Bloomberg: iPhones get feature to accept card payments
Apple may want to provide iPhones with a function to accept card payments with their smartphone. That reports financial news agency Bloomberg based on its own sources. The feature should be available in the coming months.
The feature should give iPhones the option to accept payments from credit cards, debit cards and payment services such as Apple Pay, sources told Bloomberg journalist Mark Gurman. This would allow the smartphones to function as a kind of card reader, without the need for additional hardware. Presumably the function works via NFC; iPhones have had the necessary chip since 2014.
To implement the feature, Apple is using Mobeewave’s technology, according to Bloomberg. That’s a Canadian start-up working on smartphone features to accept credit card payments instantly. Apple acquired that company in 2020 for $100 million. Bloomberg wrote at the time that Apple might be planning to support card payments on iPhones. Samsung previously collaborated with the company and then did a test in Canada.

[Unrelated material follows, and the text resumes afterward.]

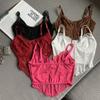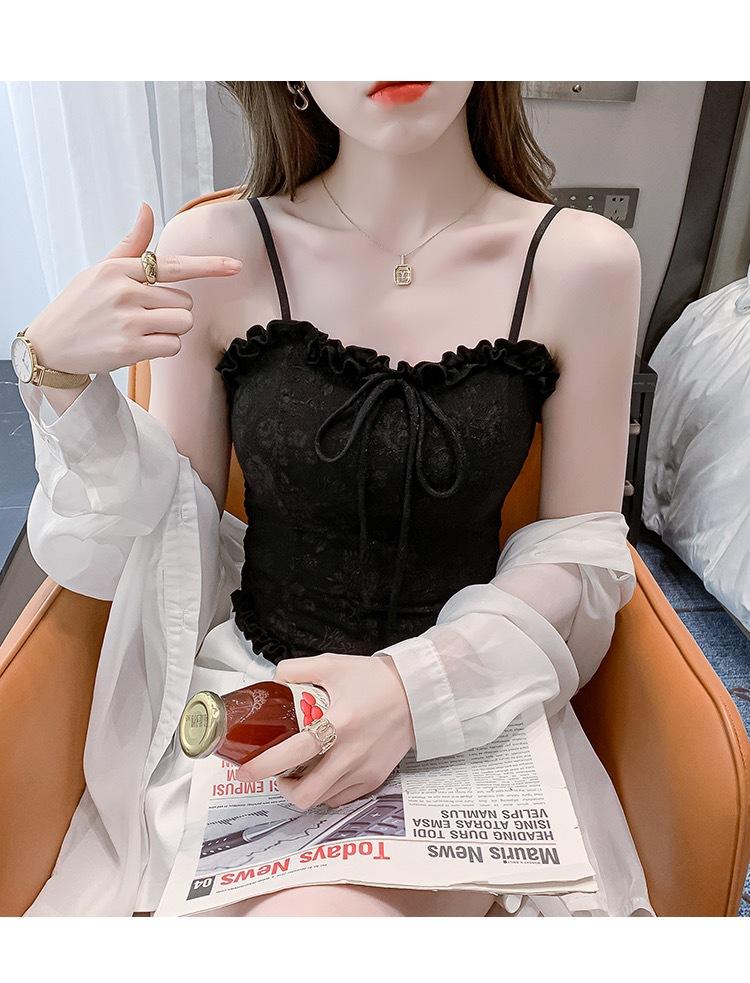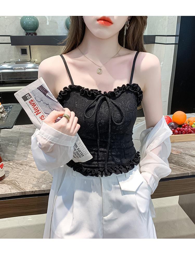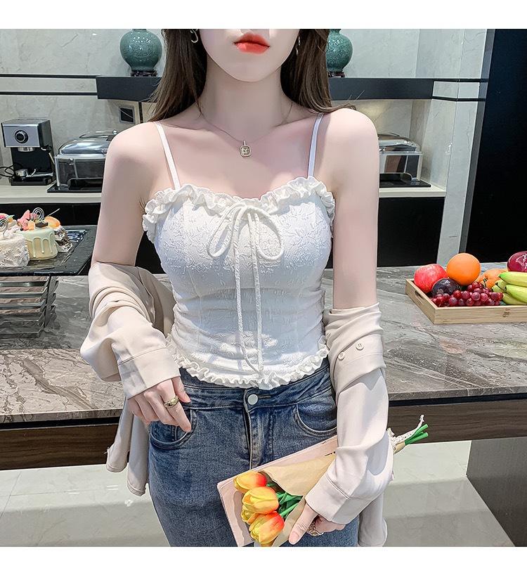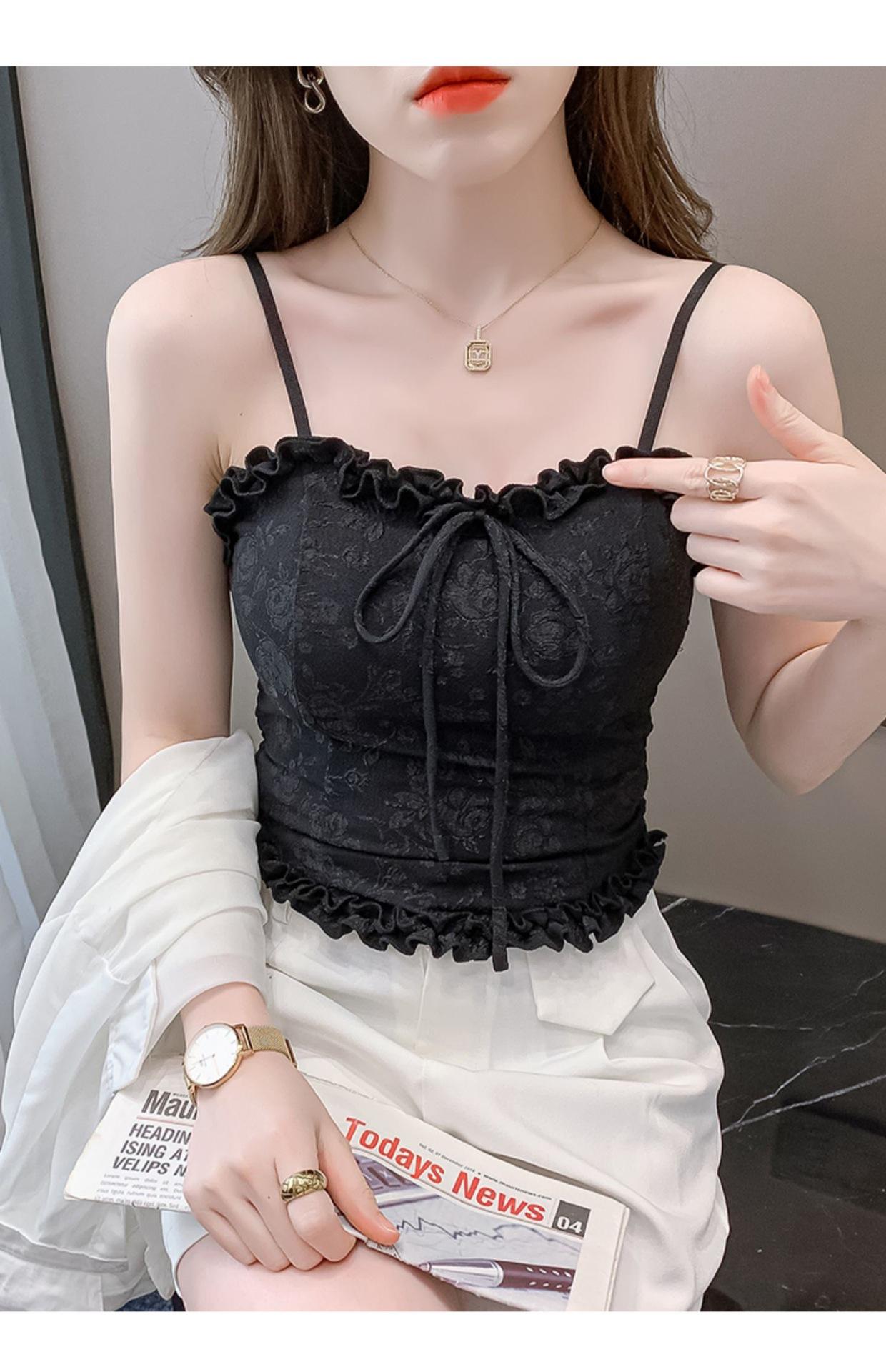 Camisola sexy pura de encaje con orejas de madera, espalda descubierta, corta, sexy, con almohadilla para el pecho, prenda exterior adelgazante, sin mangas

It is not known whether the feature will be available worldwide immediately upon release; the feature may initially only appear in the United States. For example, Apple Cash, a feature of Apple that allows iPhone users to transfer money between themselves via iMessage, is not yet available in the EU at this time.
Bloomberg reports that Apple plans to release the feature “in the coming months” via a software update. The feature may be incorporated in iOS 15.4, of which the first beta version is expected soon and which may be released in the spring. That would put the release close to an alleged Apple event in the spring, which includes a new iPhone SE and iPad Air with 5G and a new Mac computer, Bloomberg writes.